Data items:
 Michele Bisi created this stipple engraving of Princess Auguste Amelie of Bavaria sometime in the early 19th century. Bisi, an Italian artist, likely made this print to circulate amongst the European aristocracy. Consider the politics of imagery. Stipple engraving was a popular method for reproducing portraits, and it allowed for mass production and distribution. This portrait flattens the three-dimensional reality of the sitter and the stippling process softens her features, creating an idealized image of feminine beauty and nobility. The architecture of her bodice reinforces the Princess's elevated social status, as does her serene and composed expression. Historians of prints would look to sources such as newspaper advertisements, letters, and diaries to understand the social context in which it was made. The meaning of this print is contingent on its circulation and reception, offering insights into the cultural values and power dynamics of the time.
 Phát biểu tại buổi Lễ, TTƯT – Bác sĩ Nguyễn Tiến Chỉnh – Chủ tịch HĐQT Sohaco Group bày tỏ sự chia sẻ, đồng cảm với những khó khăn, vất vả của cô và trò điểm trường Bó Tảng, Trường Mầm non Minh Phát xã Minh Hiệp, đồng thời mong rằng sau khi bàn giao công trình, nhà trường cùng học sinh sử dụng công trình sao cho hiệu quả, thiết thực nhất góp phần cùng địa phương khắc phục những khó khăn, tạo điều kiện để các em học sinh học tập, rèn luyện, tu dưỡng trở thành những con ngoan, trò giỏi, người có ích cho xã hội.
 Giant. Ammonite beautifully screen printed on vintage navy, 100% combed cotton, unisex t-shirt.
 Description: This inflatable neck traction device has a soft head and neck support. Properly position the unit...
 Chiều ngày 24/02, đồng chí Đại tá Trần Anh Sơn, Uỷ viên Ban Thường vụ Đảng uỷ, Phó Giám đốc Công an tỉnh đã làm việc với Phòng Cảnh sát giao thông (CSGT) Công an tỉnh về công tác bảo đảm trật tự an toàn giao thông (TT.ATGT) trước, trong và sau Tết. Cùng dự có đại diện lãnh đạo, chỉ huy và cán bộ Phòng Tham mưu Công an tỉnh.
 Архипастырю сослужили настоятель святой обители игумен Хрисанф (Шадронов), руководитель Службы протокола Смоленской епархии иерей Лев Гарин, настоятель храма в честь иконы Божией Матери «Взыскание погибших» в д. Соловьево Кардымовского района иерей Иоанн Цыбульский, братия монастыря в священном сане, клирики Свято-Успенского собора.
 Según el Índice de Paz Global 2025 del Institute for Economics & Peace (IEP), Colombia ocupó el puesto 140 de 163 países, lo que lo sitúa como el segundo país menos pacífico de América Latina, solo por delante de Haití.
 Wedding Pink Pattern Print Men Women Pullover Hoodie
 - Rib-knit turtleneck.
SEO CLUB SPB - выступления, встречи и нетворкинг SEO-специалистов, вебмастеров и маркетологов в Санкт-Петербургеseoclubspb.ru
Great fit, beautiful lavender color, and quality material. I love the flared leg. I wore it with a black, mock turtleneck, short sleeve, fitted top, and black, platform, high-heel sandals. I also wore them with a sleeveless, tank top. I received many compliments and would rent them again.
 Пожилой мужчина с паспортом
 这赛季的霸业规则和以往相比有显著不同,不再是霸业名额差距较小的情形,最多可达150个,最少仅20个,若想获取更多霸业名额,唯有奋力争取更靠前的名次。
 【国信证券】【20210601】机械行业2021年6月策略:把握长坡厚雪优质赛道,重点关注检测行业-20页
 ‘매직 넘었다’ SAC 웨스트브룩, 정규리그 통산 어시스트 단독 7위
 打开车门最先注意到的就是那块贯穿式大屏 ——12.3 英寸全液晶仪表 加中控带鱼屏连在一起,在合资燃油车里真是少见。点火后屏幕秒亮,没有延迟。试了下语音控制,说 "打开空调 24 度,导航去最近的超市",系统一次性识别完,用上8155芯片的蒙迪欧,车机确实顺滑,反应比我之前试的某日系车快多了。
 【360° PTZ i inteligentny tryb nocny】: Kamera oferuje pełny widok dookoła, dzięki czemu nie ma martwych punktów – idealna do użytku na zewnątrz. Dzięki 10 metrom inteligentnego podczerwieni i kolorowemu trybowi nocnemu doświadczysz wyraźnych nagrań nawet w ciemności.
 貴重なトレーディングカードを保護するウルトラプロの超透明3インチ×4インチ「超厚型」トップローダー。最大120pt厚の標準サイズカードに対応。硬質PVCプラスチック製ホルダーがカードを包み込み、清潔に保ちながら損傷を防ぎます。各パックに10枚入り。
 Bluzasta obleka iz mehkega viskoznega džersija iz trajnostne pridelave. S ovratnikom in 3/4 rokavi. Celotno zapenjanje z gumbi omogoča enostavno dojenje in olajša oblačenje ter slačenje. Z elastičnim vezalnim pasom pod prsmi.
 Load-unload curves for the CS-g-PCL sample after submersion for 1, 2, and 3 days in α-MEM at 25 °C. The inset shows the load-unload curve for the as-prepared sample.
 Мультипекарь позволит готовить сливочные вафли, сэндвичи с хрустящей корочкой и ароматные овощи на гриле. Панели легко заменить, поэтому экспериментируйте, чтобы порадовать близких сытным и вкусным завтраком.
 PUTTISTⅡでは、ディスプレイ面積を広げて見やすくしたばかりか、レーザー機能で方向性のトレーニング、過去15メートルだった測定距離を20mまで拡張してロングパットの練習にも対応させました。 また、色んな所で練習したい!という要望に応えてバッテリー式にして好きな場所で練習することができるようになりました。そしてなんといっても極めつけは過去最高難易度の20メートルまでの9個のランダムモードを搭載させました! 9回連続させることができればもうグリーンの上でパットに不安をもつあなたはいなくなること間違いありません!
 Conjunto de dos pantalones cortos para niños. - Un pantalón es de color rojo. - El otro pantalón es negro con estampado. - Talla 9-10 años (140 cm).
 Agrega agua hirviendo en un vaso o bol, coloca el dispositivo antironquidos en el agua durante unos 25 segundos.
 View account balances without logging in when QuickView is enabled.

◆ **Task statement**
Some lines of the data above may hold the word "color"; state how many do, and give only that number.

◆ **Problem solution**
2